◆ DIRECTIONS ◆
Copy each entry precisely as written, and do not carry over the pictures.

◆ DATA TO USE ◆
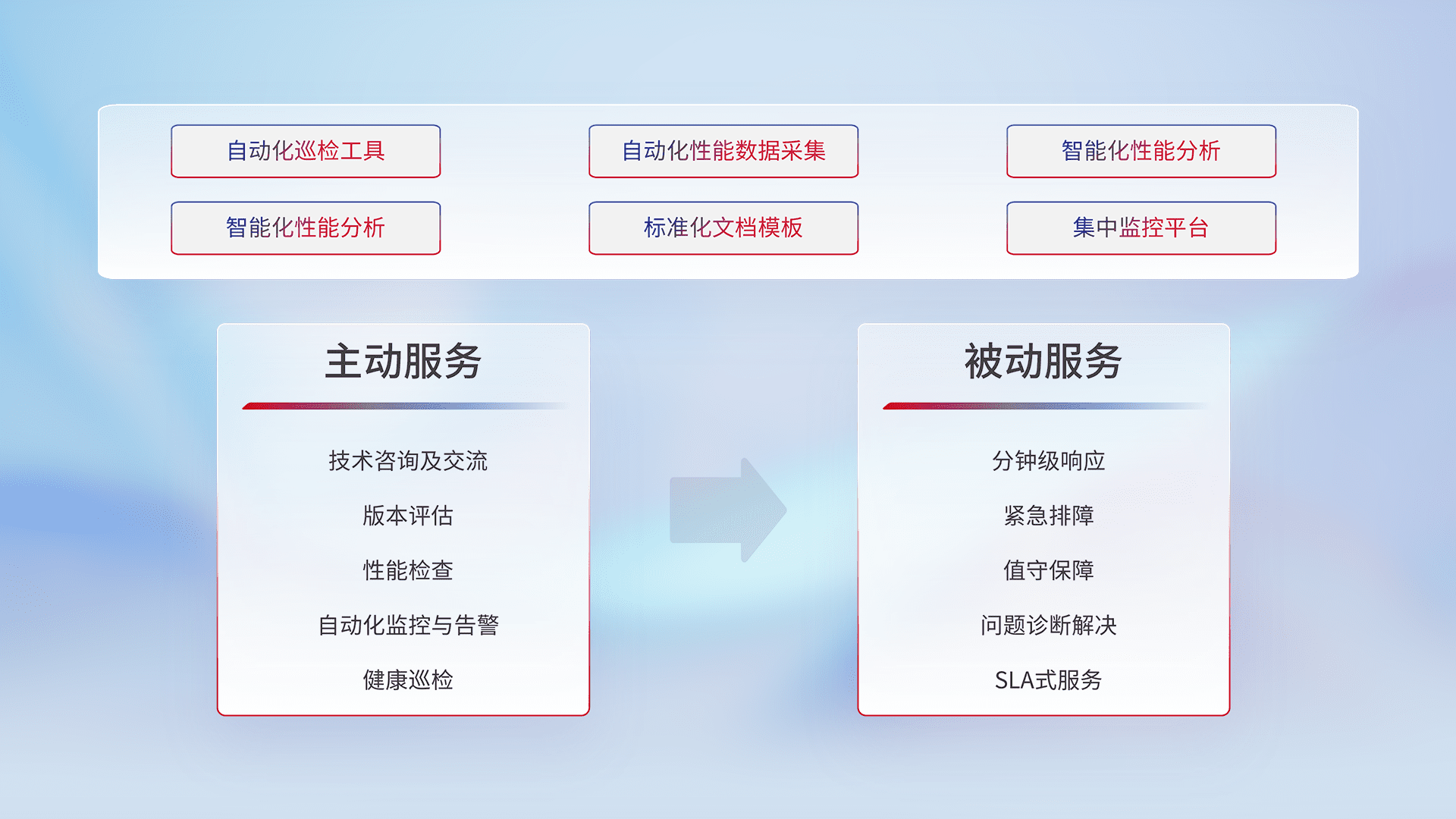 智能化工具和标准化文档,,,保障服务质量,,,,提供主动服务(包含技术咨询、、、版本评估、、、性能检查、、、自动化监控与告警、、、健康巡检)和被动服务包含(分钟级响应、、紧急排障、、值守保障、、问题诊断解决、、、SLA服务)。。
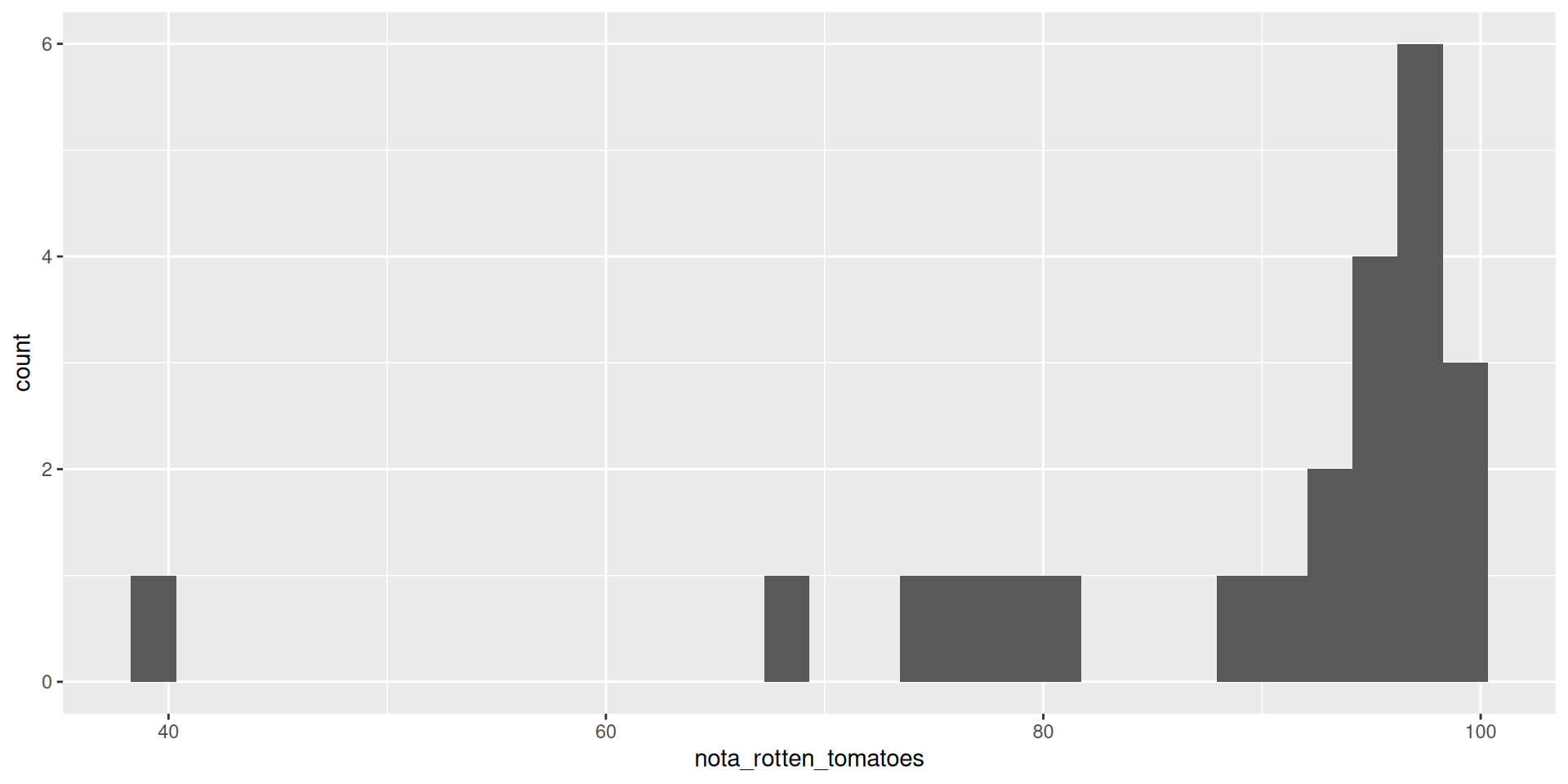 Na sequência, podemos observar um exemplo de histograma das notas dos filmes da Pixar no Rotten Tomatoes.
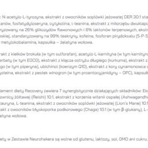- BrainBoost 2.0 Składniki wspierające koncentrację, wpływające na aktywację fal alfa w mózgu, co sprzyja osiągnięciu stanu relaksu przy jednoczesnym zachowaniu czujności umysłowej, łagodzące uczucie zmęczenia i znużenia. Recovery Składniki wykazujące działanie adaptogenne, poprawiające odporność na stres, promujące zasypianie i dobre samopoczucie. Wspomagające odprężenie, oczyszczenie umysłu. DayStart Składniki wpływające na ochronę DNA, białek i lipidów przed uszkodzeniem oksydacyjnym oraz zmniejszenie starzenia…
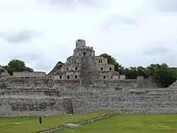 Much of Campeche's territory is filled with various archeological sites, almost all of which are Mayan. Maya sites in Campeche include Acanmul, Balamkú, Becán, Bolonchén, Calakmul, Chactún, Chicanná, Chunlimón, Edzná, Isla de Jaina, Lagunita, the Petén Basin, Río Bec, Isla Uaymil, Xculoc, Xpuhil, and Xtampak. These sites are less visited than sites to the east such as Chichen Itza, and Tulum.[9] An early important site is Edzna, located near the city of Campeche in a region known as los Chenes. It was one of the most important ceremonial centers in the pre-Classic Maya period (300–900 CE). Its building show Petén, Chenes and Puuc influence, with a large acropolis surrounded by various temples, the most important of which is the Pyramid of the Five Floors.[9][31] It was discovered in the 1920s and excavated in the 1940s. It is located away from other Mayan settlements on the peninsula and was probably a collection center for the agriculture products grown in the area, reaching its height between 600 and 900. These were sent to the city of Tikal in exchange for ritualistic adornment for the site. Its most important building is the Pyramid of the Five Stories, built as its name implies. Another important find came in the 1990s. During the planting season in early May, archeologist Antonio Benavides noticed that the setting sun illuminates a stucco mask hanging one of the pyramid's rooms. The effect also happens in August, during harvest and it is believed to be related to the asking and receiving of abundant crops.[9]
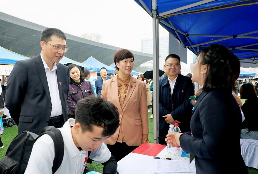 党委书记张艳,党委副书记、校长王国胤等在家校领导亲临双选会现场指导工作,向用人单位介绍了老虎机
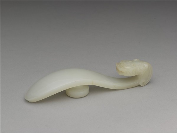 全器中央拱起,一端反折為鉤,雕龍首;拱起處背有一圓鈕,可將帶扣固定於革帶。
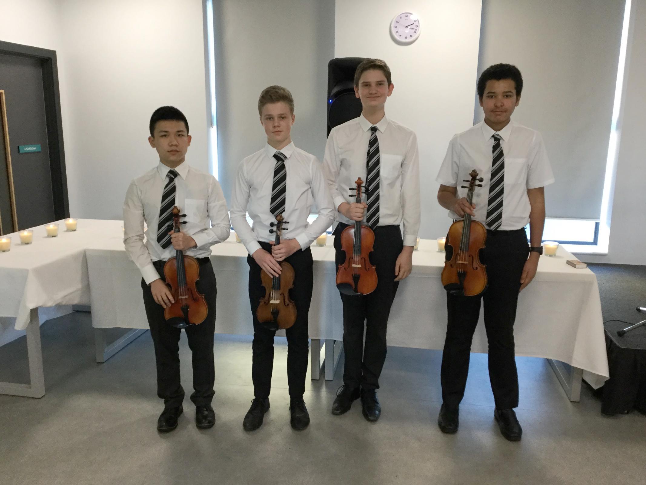 The service began with the Boys' Division Violin Quartet (consisting of Victor Chow, Adam Whitmore, Jonny Shine and Nathan Burudi) playing the Theme from ‘Schindler's List' by John Williams and after the candle lighting ceremony, the quartet played Andante Religioso by Josef Bloch. This was followed by a number of poignant readings presented by pupils from other schools and the religious leaders.
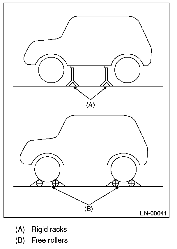 2. Lift up the vehicle using a garage jack and place it on rigid racks, or drive the vehicle onto free rollers.
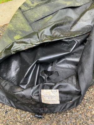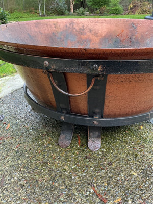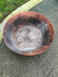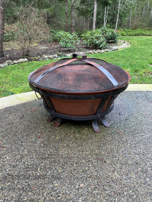 A round copper colored metal outdoor fire pit with a mesh lid, metal bands, and a wire insert inside, accompanied by a black weatherproof outdoor cover. Measurements are 22 inches tall and 34.5 across. Cover needs a good cleaning but it has been covered all winter.
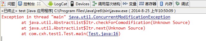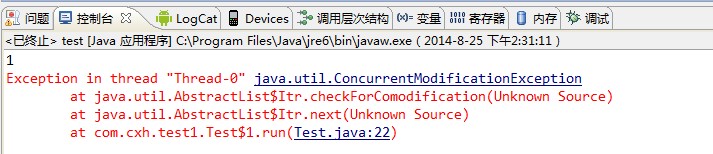 很显然,此时modCount为1,而expectedModCount为0,因此程序就抛出了ConcurrentModificationException异常。
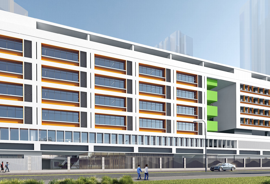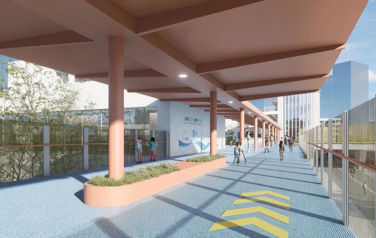 华南物流园配套学校以“立体园林+立体街区”为设计理念,将西侧城市绿地引入校园内部,构建建筑与自然对话、空间与生态交融的趣味庭院。通过空中连廊有机串联各教学单元,形成多层次、互联通的校园慢行系统,底层架空与庭院连廊相辅相成,既提供全天候活动场所,亦形成良好的自然通风体系。项目采用中小学分地块建设模式,教学区独立且交通有机串联,既有专属教学设施,也有共享共用空间,功能分区明确且联系紧密。景观设计融入岭南特色与中小学生行为特征,以现代手法转译传统建筑意向,同时兼顾家长接送与街区共享需求,打造向社区开放的友好型校园。
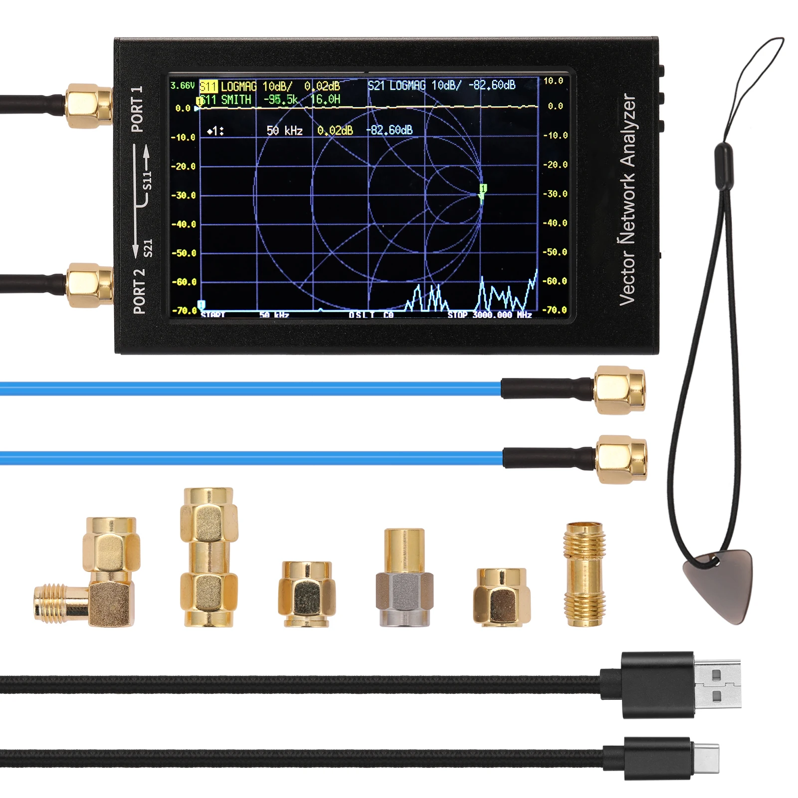 Этот портативный векторный сетевой анализатор является новым продуктом. Он использует 4,3-дюймовый IPS ЖК-дисплей дисплея и алюминиевый сплав чехол. Он оснащен литиевой батареей большой емкости 5000 мАч в качестве стандарта. Поддержка работы сенсорного экрана и боковой кнопки, поддержка китайского и английского интерфейса. Дизайн этого продукта основан на S-A-A OwOcomm V2, а глубокая оптимизация программного обеспечения производится на основе предыдущего продукта. Диапазон измерений увеличен до 3 ГГц, а динамический диапазон больше. Измерение более точное, и операция более удобна.Особенности:4,3-дюймовый IPS ЖК-дисплей дисплей, разрешение 800*480, ультра-широкий обзор угол, при длительном использовании не режет глаза.Чехол из алюминиевого сплава эффективно защищает от электромагнитных помех для обеспечения точности измерений.Радиочастотный интерфейс SMA, который удобен для подключения различных протестированных деталей.Полноразмерный дизайн экрана, с 3 боковыми кнопками одновременно, гибкой и удобной в эксплуатации.Поддержка китайского и английского интерфейса.Оптимизированный дизайн пользовательского интерфейса, удобный для пользователей для выполнения операций измерения.Поддержка регулировки яркости экрана.Прошивка может быть обновлена через виртуальный u-диск, программист не нужен, а Прошивка может быть обновлена через прилагаемый usb-кабель для передачи данных type-c.Стандартные Калибровочные детали хорошего качества и RG405 фазостабильный кабель для обеспечения точности калибровки.Разработан с интерфейсом выхода USB, который может поддерживать выходную мощность 5 В/1 А.С помощью 2А высокой токовой подзарядки IC время подзарядки короче.Поддерживая программное обеспечение хост-компьютеров, хост-компьютеры поддерживают китайские и английские интерфейсы.Изображения экрана устройства можно получить, сделав скриншот хост-компьютеров.Функция: может измерять параметры S, соотношение волн постоянного напряжения, диаграмму Смита, фазу, задержку группы и т. д.Характеристики:Материал: алюминиевый сплав (чехол)Основной цвет: черныйАккумулятор: 1 * литиевая батарея, 5000 мАчЧастота: 50 кГц-3 ГГцВыходная мощность RF: -9 дБм (ошибка в пределах 1 ГГц: ± 1 дБ)Точность частоты: <0,5 ppmS21 с динамическим диапазоном: 70dB (1,5 ГГц), 60dB (3 ГГц)S11 с динамическим диапазоном: 50dB (1,5 ГГц), 40dB (3 ГГц)2-портовый обратные потери: 20dB typ (1,5 ГГц), 13dB мин (3 ГГц)Количество калибровочных точек: 101 точкаКоличество точек сканирования: 101 точкаКоличество следов: 4Количество точек отметки: 4 (планку отметки можно перемещать вверх и вниз на экране)Интерфейс USB: USB Type-C Режим связи: CDC (серийный)Настройка сохранения: 5 групп (после сохранения, его можно сразу напомнить, когда он используется снова, нет необходимости повторять, И сохраненные параметры до последнего отключения будут автоматически отозваны, когда он снова включен)Поддержка калибровки результатов интерполяции, может измерять без повторной калибровки после регулировки частотного диапазона измеренияВремя сканирования: около 1,9 s/1 раз (50 кГц ~ 3000 МГц полный диапазон частот)Размер изделия: 140*73*20 мм/5,5*2,9 * 0.8inВес товара: 270 г/9,5 унцииРазмер упаковки: 250*150*50 мм/9,8*5,9 * 2.0inВес упаковки: 507 г/1.1lbУпаковочный лист:1 * хост1 * SMA открытый калибровочный набор1 * SMA Набор для калибровки короткого замыкания1 * SMA 50Ω Набор для калибровки нагрузки1 * SMA-KK адаптер
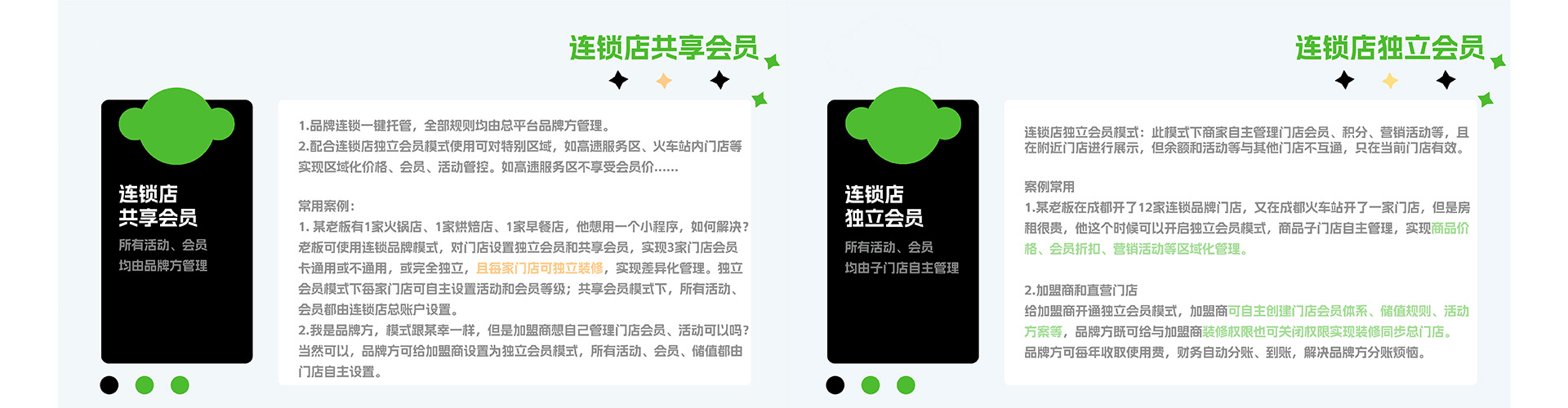 连锁门店模式-独立会员连锁门店独立会员模式此模式下商家自主管理门店会员、积分、营销活动等且在附近门店···

◆ EXPECTED OUTPUT ◆
 智能化工具和标准化文档,,,保障服务质量,,,,提供主动服务(包含技术咨询、、、版本评估、、、性能检查、、、自动化监控与告警、、、健康巡检)和被动服务包含(分钟级响应、、紧急排障、、值守保障、、问题诊断解决、、、SLA服务)。。
 Na sequência, podemos observar um exemplo de histograma das notas dos filmes da Pixar no Rotten Tomatoes.
- BrainBoost 2.0 Składniki wspierające koncentrację, wpływające na aktywację fal alfa w mózgu, co sprzyja osiągnięciu stanu relaksu przy jednoczesnym zachowaniu czujności umysłowej, łagodzące uczucie zmęczenia i znużenia. Recovery Składniki wykazujące działanie adaptogenne, poprawiające odporność na stres, promujące zasypianie i dobre samopoczucie. Wspomagające odprężenie, oczyszczenie umysłu. DayStart Składniki wpływające na ochronę DNA, białek i lipidów przed uszkodzeniem oksydacyjnym oraz zmniejszenie starzenia…
 Much of Campeche's territory is filled with various archeological sites, almost all of which are Mayan. Maya sites in Campeche include Acanmul, Balamkú, Becán, Bolonchén, Calakmul, Chactún, Chicanná, Chunlimón, Edzná, Isla de Jaina, Lagunita, the Petén Basin, Río Bec, Isla Uaymil, Xculoc, Xpuhil, and Xtampak. These sites are less visited than sites to the east such as Chichen Itza, and Tulum.[9] An early important site is Edzna, located near the city of Campeche in a region known as los Chenes. It was one of the most important ceremonial centers in the pre-Classic Maya period (300–900 CE). Its building show Petén, Chenes and Puuc influence, with a large acropolis surrounded by various temples, the most important of which is the Pyramid of the Five Floors.[9][31] It was discovered in the 1920s and excavated in the 1940s. It is located away from other Mayan settlements on the peninsula and was probably a collection center for the agriculture products grown in the area, reaching its height between 600 and 900. These were sent to the city of Tikal in exchange for ritualistic adornment for the site. Its most important building is the Pyramid of the Five Stories, built as its name implies. Another important find came in the 1990s. During the planting season in early May, archeologist Antonio Benavides noticed that the setting sun illuminates a stucco mask hanging one of the pyramid's rooms. The effect also happens in August, during harvest and it is believed to be related to the asking and receiving of abundant crops.[9]
 党委书记张艳,党委副书记、校长王国胤等在家校领导亲临双选会现场指导工作,向用人单位介绍了老虎机
 全器中央拱起,一端反折為鉤,雕龍首;拱起處背有一圓鈕,可將帶扣固定於革帶。
 The service began with the Boys' Division Violin Quartet (consisting of Victor Chow, Adam Whitmore, Jonny Shine and Nathan Burudi) playing the Theme from ‘Schindler's List' by John Williams and after the candle lighting ceremony, the quartet played Andante Religioso by Josef Bloch. This was followed by a number of poignant readings presented by pupils from other schools and the religious leaders.
 2. Lift up the vehicle using a garage jack and place it on rigid racks, or drive the vehicle onto free rollers.
 A round copper colored metal outdoor fire pit with a mesh lid, metal bands, and a wire insert inside, accompanied by a black weatherproof outdoor cover. Measurements are 22 inches tall and 34.5 across. Cover needs a good cleaning but it has been covered all winter.
 很显然,此时modCount为1,而expectedModCount为0,因此程序就抛出了ConcurrentModificationException异常。
 华南物流园配套学校以“立体园林+立体街区”为设计理念,将西侧城市绿地引入校园内部,构建建筑与自然对话、空间与生态交融的趣味庭院。通过空中连廊有机串联各教学单元,形成多层次、互联通的校园慢行系统,底层架空与庭院连廊相辅相成,既提供全天候活动场所,亦形成良好的自然通风体系。项目采用中小学分地块建设模式,教学区独立且交通有机串联,既有专属教学设施,也有共享共用空间,功能分区明确且联系紧密。景观设计融入岭南特色与中小学生行为特征,以现代手法转译传统建筑意向,同时兼顾家长接送与街区共享需求,打造向社区开放的友好型校园。
 Этот портативный векторный сетевой анализатор является новым продуктом. Он использует 4,3-дюймовый IPS ЖК-дисплей дисплея и алюминиевый сплав чехол. Он оснащен литиевой батареей большой емкости 5000 мАч в качестве стандарта. Поддержка работы сенсорного экрана и боковой кнопки, поддержка китайского и английского интерфейса. Дизайн этого продукта основан на S-A-A OwOcomm V2, а глубокая оптимизация программного обеспечения производится на основе предыдущего продукта. Диапазон измерений увеличен до 3 ГГц, а динамический диапазон больше. Измерение более точное, и операция более удобна.Особенности:4,3-дюймовый IPS ЖК-дисплей дисплей, разрешение 800*480, ультра-широкий обзор угол, при длительном использовании не режет глаза.Чехол из алюминиевого сплава эффективно защищает от электромагнитных помех для обеспечения точности измерений.Радиочастотный интерфейс SMA, который удобен для подключения различных протестированных деталей.Полноразмерный дизайн экрана, с 3 боковыми кнопками одновременно, гибкой и удобной в эксплуатации.Поддержка китайского и английского интерфейса.Оптимизированный дизайн пользовательского интерфейса, удобный для пользователей для выполнения операций измерения.Поддержка регулировки яркости экрана.Прошивка может быть обновлена через виртуальный u-диск, программист не нужен, а Прошивка может быть обновлена через прилагаемый usb-кабель для передачи данных type-c.Стандартные Калибровочные детали хорошего качества и RG405 фазостабильный кабель для обеспечения точности калибровки.Разработан с интерфейсом выхода USB, который может поддерживать выходную мощность 5 В/1 А.С помощью 2А высокой токовой подзарядки IC время подзарядки короче.Поддерживая программное обеспечение хост-компьютеров, хост-компьютеры поддерживают китайские и английские интерфейсы.Изображения экрана устройства можно получить, сделав скриншот хост-компьютеров.Функция: может измерять параметры S, соотношение волн постоянного напряжения, диаграмму Смита, фазу, задержку группы и т. д.Характеристики:Материал: алюминиевый сплав (чехол)Основной цвет: черныйАккумулятор: 1 * литиевая батарея, 5000 мАчЧастота: 50 кГц-3 ГГцВыходная мощность RF: -9 дБм (ошибка в пределах 1 ГГц: ± 1 дБ)Точность частоты: <0,5 ppmS21 с динамическим диапазоном: 70dB (1,5 ГГц), 60dB (3 ГГц)S11 с динамическим диапазоном: 50dB (1,5 ГГц), 40dB (3 ГГц)2-портовый обратные потери: 20dB typ (1,5 ГГц), 13dB мин (3 ГГц)Количество калибровочных точек: 101 точкаКоличество точек сканирования: 101 точкаКоличество следов: 4Количество точек отметки: 4 (планку отметки можно перемещать вверх и вниз на экране)Интерфейс USB: USB Type-C Режим связи: CDC (серийный)Настройка сохранения: 5 групп (после сохранения, его можно сразу напомнить, когда он используется снова, нет необходимости повторять, И сохраненные параметры до последнего отключения будут автоматически отозваны, когда он снова включен)Поддержка калибровки результатов интерполяции, может измерять без повторной калибровки после регулировки частотного диапазона измеренияВремя сканирования: около 1,9 s/1 раз (50 кГц ~ 3000 МГц полный диапазон частот)Размер изделия: 140*73*20 мм/5,5*2,9 * 0.8inВес товара: 270 г/9,5 унцииРазмер упаковки: 250*150*50 мм/9,8*5,9 * 2.0inВес упаковки: 507 г/1.1lbУпаковочный лист:1 * хост1 * SMA открытый калибровочный набор1 * SMA Набор для калибровки короткого замыкания1 * SMA 50Ω Набор для калибровки нагрузки1 * SMA-KK адаптер
 连锁门店模式-独立会员连锁门店独立会员模式此模式下商家自主管理门店会员、积分、营销活动等且在附近门店···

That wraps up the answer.